The Sundance Film Festival announced its 2025 awards during a ceremony in Park City, Utah, on Friday. “Atropia,” directed by Hailey Gates, won the U.S. dramatic competition’s grand jury prize for its darkly comedic take on the intersection of war and performance, while Brittany Shyne’s “Seeds,” an intimate exploration of Black generational farmers in the South, was awarded the U.S. documentary competition’s top honor.

A biting satire set inside a military role-playing facility, “Atropia,” which stars Alia Shankar, Callum Turner and Chloë Sevigny, follows an aspiring actor who falls in love with a soldier cast as an insurgent, forcing them both to reckon with the blurred lines between performance and reality. The jury praised Gates’ feature debut as “both hilarious and damning in its portrayal of the theater of war.” “Seeds” was recognized for its poetic and deeply personal portrait of Black farmers fighting to preserve their land and heritage.
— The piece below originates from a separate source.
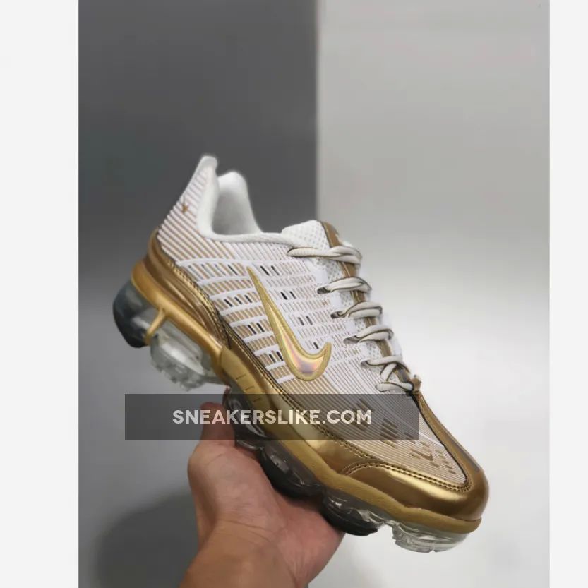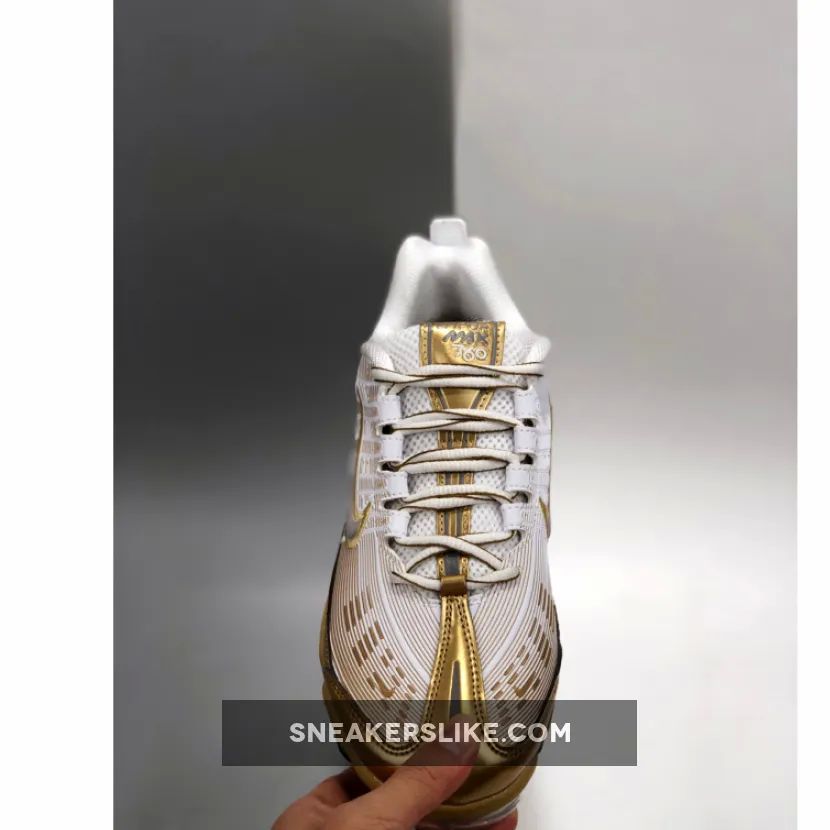 Taking a pristine white base as its canvas, Beaverton weaves in streaks of glimmering “Metallic Gold” into the embossed lines running through the entire sneaker, creating a gradient effect originating from the toebox. Branding comes in the form of a white Swoosh logo on the lateral sides, outlined by the very same golden stitching, which also runs up from the toe through the throat to the tongue, coupled with dashes of “Reflect Silver” highlights.

In the world cinema categories, the dramatic grand jury prize was awarded to “Sabar Bonda” (Cactus Pears), a co-production from India, the U.K. and Canada directed by Rohan Parashuram Kanawade. The film tells the story of a city dweller returning to his rural hometown for a mourning period and forming an unexpected bond with a local farmer. The documentary grand jury prize went to “Cutting Through Rocks,” directed by Sara Khaki and Mohammadreza Reza Eyni, which follows a groundbreaking councilwoman in a rural Iranian village as she fights against patriarchal traditions.

The NEXT Innovator Award, given to a film in the festival’s section that highlights bold and unconventional storytelling, was awarded to Charlie Shackleton’s “Zodiac Killer Project,” a meditation on the true-crime genre told through 16mm footage of locations the filmmaker had to abandon after his option rights for a novel were declined.

“Twinless,” a dramedy about two men who meet in a twin bereavement support group, won the U.S. dramatic audience award, while “André Is an Idiot,” a darkly comic documentary about a man confronting his own mortality, was honored in the U.S. documentary category.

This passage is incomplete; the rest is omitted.